I also tried this recipe for Raw Chocolate Macaroons that she posted on her site--Oh my. Delicious and totally, completely satisfied my sweet tooth.
I'm so, so interested in a raw foods diet. Part of me is horrified to think of life without bread, but another part of me recognizes how great I feel when I eat lots and lots of fruits and veggies, things that always seem pushed out the way when tastier and less healthy options are available.

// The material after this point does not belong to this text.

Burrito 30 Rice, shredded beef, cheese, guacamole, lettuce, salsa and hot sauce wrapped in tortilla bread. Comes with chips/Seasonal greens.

So, dear readers--onward and upward. I hope I'm better about posting on here as I do like to write on this blog and love the comments you post, but at this point I can't promise anything too intensive. I won't forget about it completely, though my posts might be more sporadic than I'd like. Please, bear with me.
Thursday, July 30, 2009
In a land of plenty
It's easy to forget we live in the land of plenty. Even during this economic downturn, most of us have much, much more than people in other countries even dream of having. Running water, electricity, a vehicle or two, the ability to cool or heat our homes with the touch of a button or the turn of a dial, food in the cupboards.I've been thinking a lot about the food issue. I like to buy organic foods as much as possible, but sometimes choose conventional products because of the cost. "Well," I sigh to myself, "It must be nice to be able to buy all organic foods at the natural foods market, but I guess I'll have to make do with this."

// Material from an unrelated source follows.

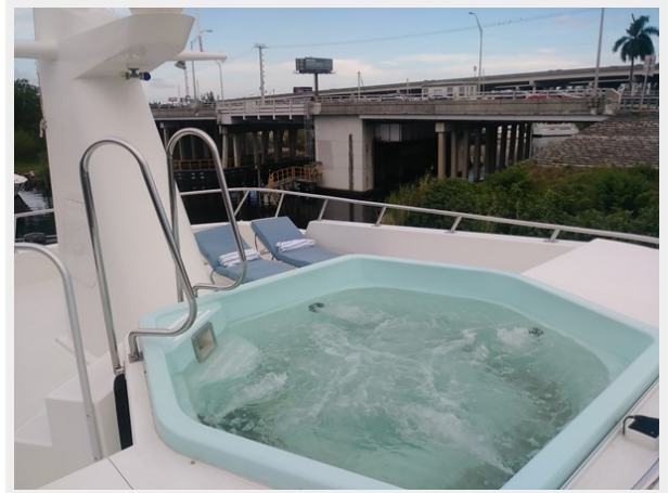
Sun Deck - Jacuzzi

The thing I need to remember, as I'm dumping spoiled leftovers into the compost (which I hate doing, by the way), is that I have much, much more than many others I share the planet with. Most of us don't have to hunt for food in garbage dumps or cans to survive. People I know don't worry if that last chunk of bread they have will last another two days and feed the hungry bellies of their family.
Feed my Starving Children is an organization which I recently learned about. They provide simple meals to starving children around the world. A meal through FMSC for six children costs $1.00 to produce and 94 percent of all donations go directly to food costs. They also offer hands-on volunteer opportunities if you live in the areas where the food is combined and shipped (see their website for details).